Umbrella-sampling setup of molecule permeation through interface surfactant membrane

GROMACS version: 2022.4
GROMACS modification: No

Dear GROMACS users,

I am planning to use umbrella sampling to calculate the energy profile of a molecule’s permeation through an interface surfactant membrane. However, I’m uncertain about how to establish an appropriate pulling pathway to obtain a reliable energy profile.

This is my box (with water, surfactant-cyan, small molecule-green):

When I run the initial pulling simulation, I pulled the molecule COM upwards using

pull_coord1_type             = umbrella  
pull_coord1_geometry         = direction-periodic
pull_coord1_groups           = 0 1  
pull_coord1_dim              = N N Y
pull_coord1_vec		         = 0.0 0.0 1.0 

However, I observed that the molecule’s movement in the x/y dimensions was not constrained, resulting in a trajectory where the molecule wound its way upward. I believe this is not the only pathway for the molecule to exit the solution.

If I use pull_coord1_geometry = cylinder or restrict the x/y dimensions of the COM, this would confine the molecule to exit the solution from a specific region of the interface. Given that the surfactants do not align uniformly, I suspect that a single PMF simulation may not provide an accurate energy profile for the permeation process.

Any comments or suggestions are welcome.

In my experience with these systems, boxes with membranes tend to be treated as homogeneous along a plane (usually xy) and heterogeneous along an axis (usually z). In this way you can use z as a collective variable and sample some quantity with respect to it, like in your case the free energy would be with respect to the normal of the membrane (z, usually). Implicitly, this means that the position on xy along which you permeate is not relevant, that is, the free energy profile is independent of WHERE you go through in the bilayer, it just depends on the depth. As such, in my understanding it is to an extent mandatory to diffuse laterally as being independent from the position is clearly an approximation, and in principle you would want to sample decently the whole xy plane for a given z to have a good statistical description of that specific slab.

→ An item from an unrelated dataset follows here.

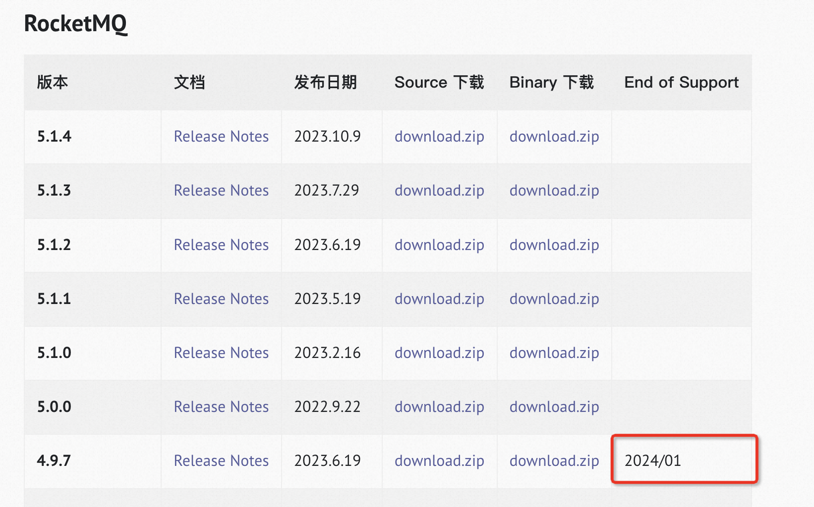 咨询个RocketMQ版本维护的问题,目前生产使用的是4.x的最新版4.9.7,想问下4.x版本的更新维护截止日期是什么时候?现在是否有必要一定升级到5.x版本?能提供下原始的网址链接吗?

Since lateral diffusion can be slow, you can actually combine several profiles with molecules at the same depth but different xy positions to sample better and faster.

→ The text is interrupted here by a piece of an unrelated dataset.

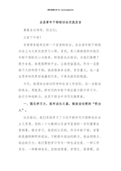 【七哥公文】2025年:【七哥公文】全县青年干部培训会交流发言+更多免费公文+VX:QiGeGongWen2024+更多免费公文+VX:QiGeGongWen2024

The effect might be more pronounced especially for large inhomogeneous membranes, where you can have local distribution of lipids with different local permeabilities. Consider also that you are neglecting the inner freedom of the solute, as you are treating it as a point localized at a certain depth. The larger and the more flexible the solute, the worse the approximation becomes, as other solute-related degrees of freedom become relevant (e.g. orientation).

Ideally when running your umbrella sampling simulations, whilst restraining your molecules [z] movements, the molecule should diffuse freely in the x and y plane, you do not need to define the pathway through the membrane. Your umbrella sampling simulations should be long enough for your molecule to explore the [xy] plane at each sampled [z] level.

Depending on the density of your surfactant membrane, exploring the [xy] plane can be very slow and if your small molecule is large enough, your pulling simulation can cause disruption to your membrane that can take a long while to relax. You may want to look at an alternative way to place your molecule in the membrane at the different [z] levels, a series of short free energy perturbation simulations can be used to make your small molecule ‘appear’ in the membrane without the disruption that pulling may cause. If you find this to be the case, I’m happy to advise further.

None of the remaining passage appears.